Authors: Dr. Arshad M. Khan and Meena Miriam Yust

The coastal waters by Wilmington, Delaware, the president’s home base, have risen a record 3 mm in the past year.  Worse, the rate of increase is itself increasing portending a foot or more in the next century.  It means a rebuilding of docks plus barriers to prevent serious tidal flooding.

The Virginia Institute of Marine Sciences (VIMS), affiliated with the College of William and Mary, has been collecting data on sea levels for the past 52 years.  It released its latest annual report recently, noting sea level rising by historic amounts — as in the case of Wilmington — as well as the accelerating rate of increase.

There are 32 tide gauges placed along the US coasts all the way to Alaska.  Maintained by the National Oceanic and Atmospheric Administration (NOAA), these measure levels every six minutes.  Researchers at VIMS take a monthly average to avoid a skewed analysis due to unusual weather patterns like storms.

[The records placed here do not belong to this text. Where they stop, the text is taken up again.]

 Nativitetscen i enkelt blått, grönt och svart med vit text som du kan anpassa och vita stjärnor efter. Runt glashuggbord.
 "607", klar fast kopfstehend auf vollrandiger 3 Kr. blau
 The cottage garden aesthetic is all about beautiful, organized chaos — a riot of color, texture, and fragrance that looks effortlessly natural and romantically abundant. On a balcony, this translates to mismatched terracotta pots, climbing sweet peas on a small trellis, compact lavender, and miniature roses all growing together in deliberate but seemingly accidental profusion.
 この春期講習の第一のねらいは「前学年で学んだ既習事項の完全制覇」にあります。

The Institute’s report presents sea level changes, assesses future trends, and tries to explain the increases or even decreases at particular localities.  Sea level changes are relative to the adjoining land.  For example, the rates are actually falling in Alaska but that is caused by shifting tectonic plates raising land and off-setting the sea level rise.

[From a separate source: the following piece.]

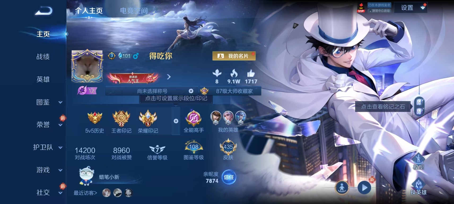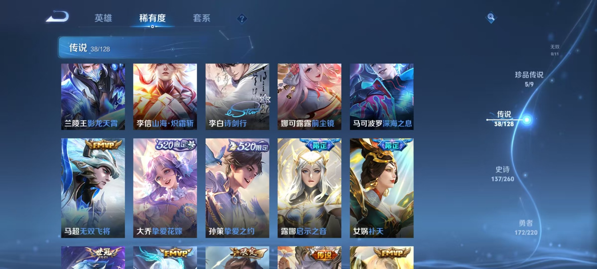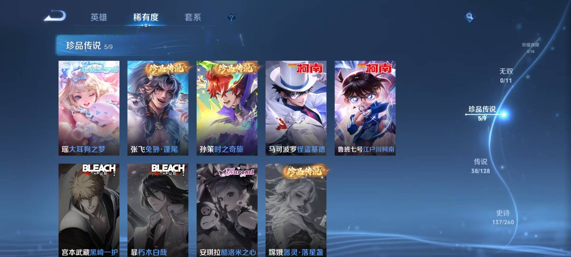[12174687]V10 3典藏 5珍品传说 38传说 125英雄 435皮肤 可修改实名 优质装备:鸣剑·曳影,幻阙歌(貂蝉典藏),弑枪猎影(韩信典藏),江户川柯南,怪盗基德,大耳狗之梦,黄金狮子座,云鹰飞将(小将军),炽阳神光,一念神魔,末日机甲-孙尚香(绿蚂蚱),地狱火,仲夏夜之梦(大飞蛾),地狱之眼,飞鸢探春,李逍遥,时之恋人-刘备(电焊工),游龙清影(小青龙),淬星耀世,超时空战士-狄仁杰,挚爱之约,挚爱花嫁,无双飞将,山海·炽霜斩(李信年限),澜逐花归海,艾琳觅芳踪,诡秘之主,涂山容容 珍品传说:时之奇旅-孙策,兔狲·蓬尾 传说皮:乘龙·铭钟鼎(赵云年限),死亡执政官,幻光神枪 珍宝阁皮:妄想食味,万物之道,优雅恋人,女武神 限定皮:愿照·九州拓(澜年限),愿照·山河定(司空震年限),愿照·众生和(妲己年限),逐霄战戟,鸣野蒿,至尊宝,白虎志(电光耗子),武陵仙君(小桃花),傲雪梅枪,补天,前尘镜,白鹤梁神女,影龙天霄,高山流水,诗剑行,匿光决锋者,五谷丰年,青龙志(铠年限),游园惊梦,梁祝,御风骁将(吕布年限),天狼狩猎者,龙胆,烈魂,天狼溯光者,天狼征服者,天狼绘梦者,李小龙,逐梦之影,朱雀志(守约年限),霸王别姬-项羽,霸王别姬-虞姬,默契交锋-花木兰,猪悟能,天魔缭乱,冰霜恋舞曲,乒乒小将,蜜橘之夏,百木心枪,玉兔公主,启示之音,深海之息(深海大菠萝),山海·玄木吟(马可年限) 史诗皮:鸭鸭历险记-刘禅,器灵·浮梦炉,化蝶舞,灵蛊蚀心,星界战将,龙之律动,雪豹·霜爪,藏狐·褐绒,石田雨龙,怒海争锋,破空之剑,东方月初,芈月浮光幕影,蔬乡物语(鲁班七号),百相守梦-百里守约,百相守梦-黄忠,织梦人,紫霞仙子,白龙吟,黄金分割率,特工魅影,千年之狐,永昼,江河有灵,鹤归松栖(赵怀真),魅语,蒙恬荣光圣徽,冰冠公主,青蛇,偶像歌手,晚萤,电玩·爆裂旋风,龙骑士(小龙虾),末日机甲-吕布,猫狗日记-孙策,猫狗日记-大乔,时之恋人-孙尚香,乱世虎臣,节奏热浪,修罗,女仆咖啡,摇滚巨星,水果甜心,绅士熊喵,天才门将,星夜王子,心灵骇客,功夫厨神,德古拉伯爵,暗隐猎兽者,幽灵船长,鬼剑武藏,暗渊魔法,心灵战警,天秀·启明,舞动绿茵,地狱岩魂,纤云弄巧,繁星吟游(呼啦呼啦),拒霜思,缤纷独角兽,乘风破浪,逐浪之夏,龙鼓争鸣,月团寄思,水晶猎龙者,曙光守护者,箭羽风息,唤灵魅影,

Researchers describe the persistent sea level rise as a “slow emergency” — not a storm that will be hitting tomorrow but trouble ahead and the report cards can help local authorities plan for the future.

Wetlands Watch works to preserve wetlands in Virginia’s coastal areas.  Rising sea level is a particular concern because it is expected to affect most of the state’s coastal wetlands.  Therefore in addition to policy advocacy, Wetlands Watch has developed Sea Rising Solutions, which helps in mapping out where flooding is likely.

Spreading the word about sea level rise and its consequences engages the whole community and motivates legislators and developers to adapt to the new norm and prepare ahead for a changing environment. 

There is another problem with coastal areas:  a gradual darkening of the sea water.  It is serious for such a change in color and clarity poses a significant threat to marine life.  The Coastal Ocean Darkening Project at the University of Oldenburg in Germany simulated the effects by filling huge metal vats with water and phytoplankton and hanging lamps above them to simulate sunlight.  They then darkened the water using low, medium and high concentrations of a brown liquid extracted from peat to simulate decaying organic matter.  The phytoplankton were all negatively affected but particularly in the vats with medium and high concentrations which blocked off more light.  Also some phytoplankton were affected more than others.  

The adverse consequences to the elemental base of the ocean’s food threatens marine species up the chain, and especially those relying on the phytoplankton types most affected.  Moreover, reduced vision hinders those species, like fish, relying on vision to hunt, while not affecting those that do not, like jellyfish.  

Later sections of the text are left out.